## Source data
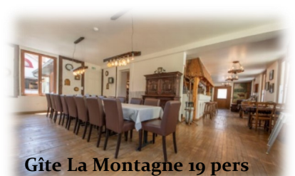
Gîte La Montagne 19 pers
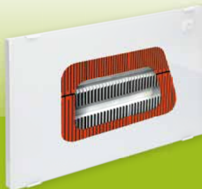
1 modèle 3 puissances Coloris Blanc
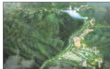
산정 레이크 타운

## Your assignment
Exactly as given, set down each line of the material, but include no pictures.

## Solution to the exercise
Gîte La Montagne 19 pers
1 modèle 3 puissances Coloris Blanc
산정 레이크 타운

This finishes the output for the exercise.